L'erba verde descritta da Giovanni, su cui Gesù fa sedere le moltitudini, è una immagine pasquale, che richiama da un lato il tempo in cui si svolse la scena, quello, appunto, della Pasqua ebraica, intorno a marzo, all'inizio della primavera, dall'altro richiama la Pasqua celeste, che i credenti consumeranno nell'eternità con il Risorto.

È, questo, dunque, il nostro destino ultimo: la piena soddisfazione di ciò che la nostra natura umana più profondamente brama: la ritrovata comunione con Dio, nell'eternità.

- Rev. Dr. Luca Vona

domenica 4 novembre 2018

La nostra cittadinanza è nei cieli

 COMMENTO ALLA LITURGIA DELLA VENTITREESIMA DOMENICA DOPO LA TRINITÀ

Colletta

O Dio, nostro rifugio e forza, che sei l’autore di ogni cosa buona; sii pronto, ti supplichiamo, ad ascoltare le devote preghiere della tua Chiesa; e concedici che le cose che chiediamo con fede possiamo ottenerle con efficacia. Per Gesù Cristo nostro Signore. Amen.

Letture

Fil 3,17-21; Mt 22,15-22

Commento

Era una convinzione rabbinica che colui che coniava la moneta di un paese ne fosse il dominatore. Secondo questa teoria, null'altro occorreva che di accertare quale fosse la moneta corrente in Giudea a quel tempo, per ottenere una risposta concludente alla domanda che era stata posta a Gesù: "è lecito o no pagare il tributo a Cesare?" (Mt 22,17).

La moneta romana circolava liberamente nel paese e i giudei non esitavano ad usarla in ogni affare e contrattazione. Se, come nazione si fossero astenuti dall'impiegarla ci sarebbe potuto essere almeno un pretesto per mettere in dubbio la legittimità del tributo richiesto dal governo romano; ma vivendo, come facevano, sotto la protezione delle leggi dell'imperatore, e facendo ogni giorno uso della moneta di Roma, lo riconoscevano di fatto come l'autorità sovrana del Paese. La legge sacra consentiva, infatti, ad Israele, di scegliersi il proprio governo, vincolandolo unicamente a continuare a corrispondere il tributo al tempio.

Come "le cose di Cesare" implicavano, nei fatti, più del semplice testatico (il tributo all'imperatore), "le cose di Dio", cui fa riferimento Gesù, significano di più che non semplicemente il tributo del tempio: includono il cuore con le sue affezioni, la coscienza, la volontà, le ricchezze individuali, in una parola la consacrazione a Dio di tutto intero l'uomo, del corpo non meno che dello spirito.

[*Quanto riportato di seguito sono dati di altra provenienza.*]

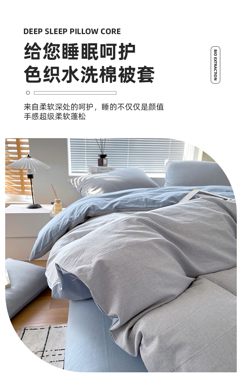 商品名称:春皖家纺 2026春夏新款全棉纯棉水洗棉单被套被套单件单品被套 细条蓝
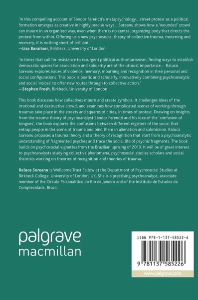 Working-through Collective Wounds discusses how collectives mourn and create symbols. It challenges ideas of the irrational and destructive crowd, and examines how complicated scenes of working-through traumas take place in the streets and squares of cities, in times of protest. Drawing on insights from the trauma theory of psychoanalyst Sándor Ferenczi and his idea of the 'confusion of tongues', the book engages the confusions between different registers of the social that entrap people in the scene of trauma and bind them in alienation and submission. Raluca Soreanu proposes a trauma theory and a theory of recognition that start from a psychoanalytic understanding of fragmented psyches and trace the social life of psychic fragments. The book builds on psychosocial vignettes from the Brazilian uprising of 2013. It will be of great interest to psychoanalysts interested in collective phenomena, psychosocial studies scholars and social theorists working on theories of recognition and theories of trauma.

La risposta di Gesù non separa, ma unisce i doveri politici e quelli religiosi dei cristiani. Colui che è interamente votato a Dio, infatti, non può disinteressarsi della polis, del consesso umano in cui vive e nel quale è chiamato a esprimere la carità cristiana. Diversamente, il cristianesimo si ridurrebbe a sterile devozionalismo più che a quell'opera di trasformazione radicale e sostanziale del credente di cui parla Paolo nel capitolo terzo della sua lettera ai Filippesi.

Paolo afferma che "la nostra cittadinanza è nei cieli" (Fil 3,20), ma è qui sulla terra che già si misura il progresso nella santificazione che Cristo stesso compie in noi, "secondo la sua potenza che lo rende in grado di sottoporre a sé tutte le cose" (Fil 3,21).

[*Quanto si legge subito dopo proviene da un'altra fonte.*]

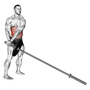 Bend your knees slightly and rotate your torso to the right, swinging the barbell down towards your right hip.

Se il dominio di Cesare, il cui volto era impresso nel denaro, è infatti puramente convenzionale e soggetto alla volontà di Dio, il dominio di Cristo sulle nostre vite, in virtù del segno impresso nelle anime dalla fede battesimale, è l'esercizio di una sovranità reale. A ben vedere, non vi è cosa, nel cosmo, che non rechi impressa in sé il marchio del suo Creatore e che, dunque, non vada a lui ricondotta. Tutto è da Dio e tutto è per la lode e gloria di Dio.

Cristo, dimorando in noi, riproduce nella nostra vita la propria fisionomia morale; questa conformità sarà completata nei cieli dove "il nostro umile corpo sarà reso conforme al suo corpo glorioso" (Fil 3,21).

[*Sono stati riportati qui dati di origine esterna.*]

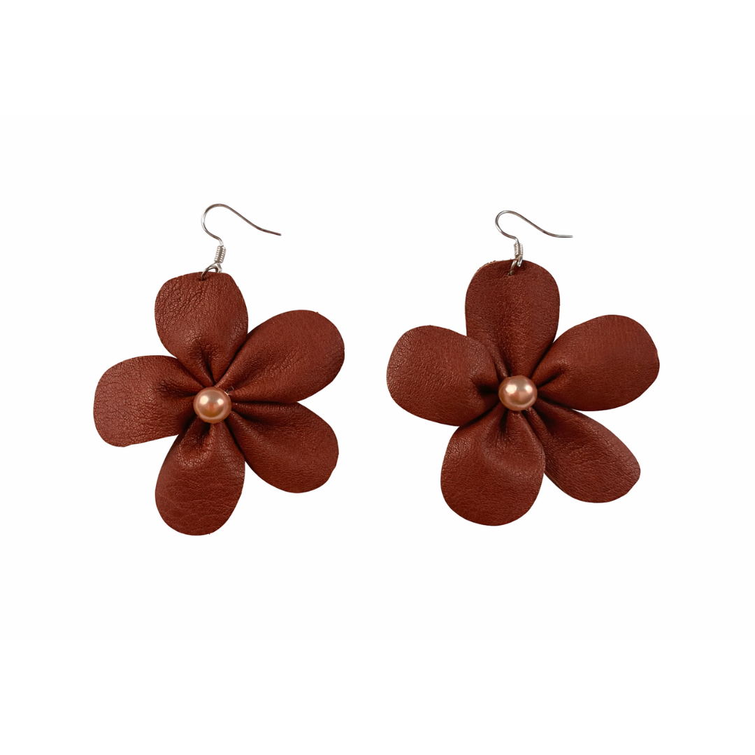 Cercei statement în formă de floare, realizați din piele naturală, într-o nuanță caldă de maro cognac. Designul cu cinci petale rotunjite este pus în valoare de pliurile discrete din centru, care creează volum și un efect delicat, tridimensional.

La garanzia che rende certa questa trasformazione è la sua potenza illimitata, il suo impero universale. Egli non ha coniato una moneta: era con il Padre quando, come Logos eterno, creava l'uomo a sua immagine e somiglianza; quando ha assunto la nostra natura umana, elevandola e unendola alla propria natura divina; quando ci ha purificati con le acque battesimali e segnati con il sangue della sua passione. Egli è il nostro Dio e noi siamo il popolo del suo pascolo (Sal 95,7). Siamo suoi. E nostra è la sua grazia; nostra la sua carità, che deve passare in abbondanza come moneta corrente tra le nostre mani.